## [What the task asks]
Leaving out the pictures, retype the lines from the beginning of the listing through the line containing "9) Көлбеу жазықтықтың".

## [Supplied records]
::::::::::

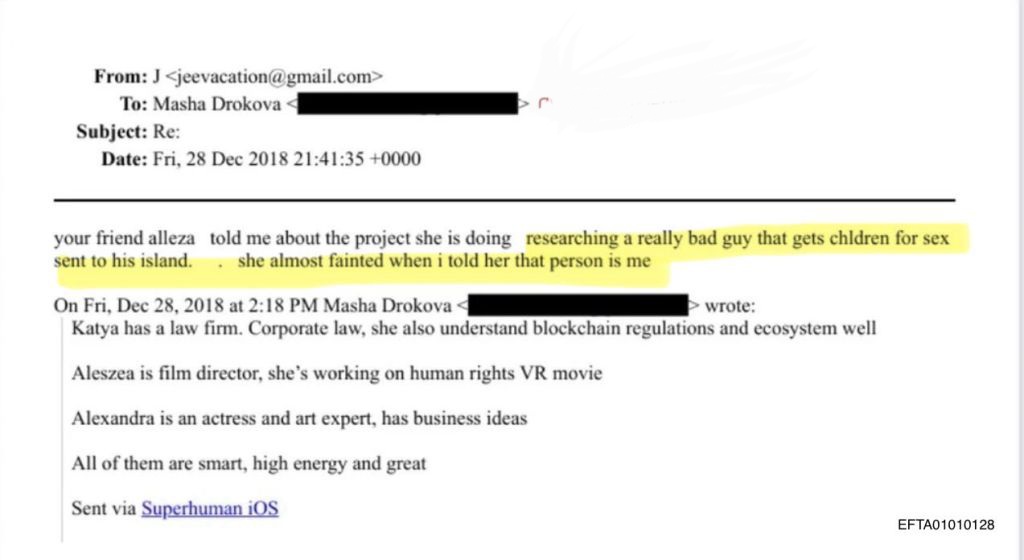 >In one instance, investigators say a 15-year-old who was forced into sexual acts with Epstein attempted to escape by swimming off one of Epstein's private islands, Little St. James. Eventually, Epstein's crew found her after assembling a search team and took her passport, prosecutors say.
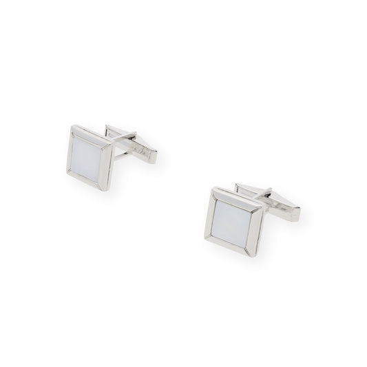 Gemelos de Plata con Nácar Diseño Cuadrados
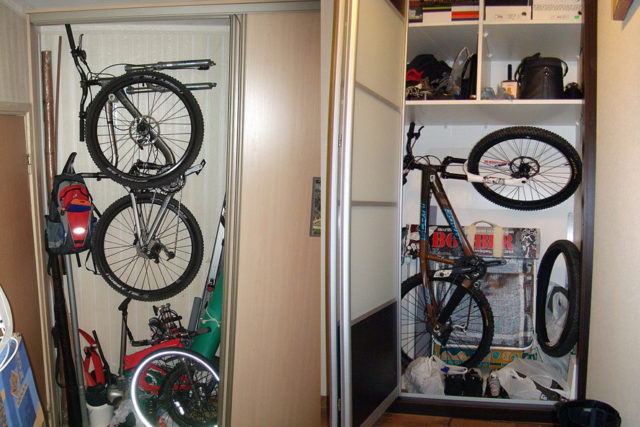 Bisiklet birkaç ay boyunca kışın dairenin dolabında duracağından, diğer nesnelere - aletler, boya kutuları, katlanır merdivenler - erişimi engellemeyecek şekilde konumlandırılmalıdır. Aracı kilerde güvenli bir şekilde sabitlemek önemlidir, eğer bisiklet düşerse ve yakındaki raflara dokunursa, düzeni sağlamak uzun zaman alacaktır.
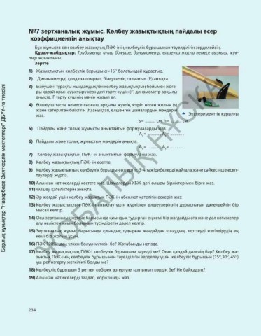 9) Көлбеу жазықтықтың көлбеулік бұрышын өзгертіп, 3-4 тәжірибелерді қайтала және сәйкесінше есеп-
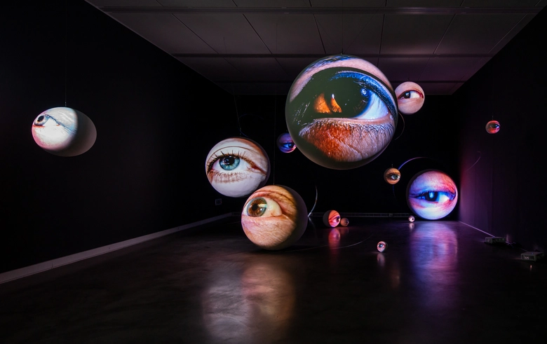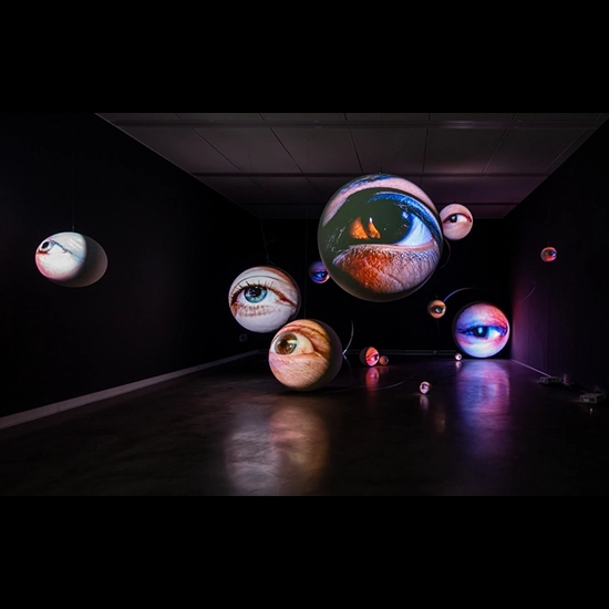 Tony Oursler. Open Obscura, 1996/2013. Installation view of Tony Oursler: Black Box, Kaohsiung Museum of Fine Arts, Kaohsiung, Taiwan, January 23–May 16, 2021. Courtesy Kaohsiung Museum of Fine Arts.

::::::::::

## [Answer below]
 >In one instance, investigators say a 15-year-old who was forced into sexual acts with Epstein attempted to escape by swimming off one of Epstein's private islands, Little St. James. Eventually, Epstein's crew found her after assembling a search team and took her passport, prosecutors say.
 Gemelos de Plata con Nácar Diseño Cuadrados
 Bisiklet birkaç ay boyunca kışın dairenin dolabında duracağından, diğer nesnelere - aletler, boya kutuları, katlanır merdivenler - erişimi engellemeyecek şekilde konumlandırılmalıdır. Aracı kilerde güvenli bir şekilde sabitlemek önemlidir, eğer bisiklet düşerse ve yakındaki raflara dokunursa, düzeni sağlamak uzun zaman alacaktır.
 9) Көлбеу жазықтықтың көлбеулік бұрышын өзгертіп, 3-4 тәжірибелерді қайтала және сәйкесінше есеп-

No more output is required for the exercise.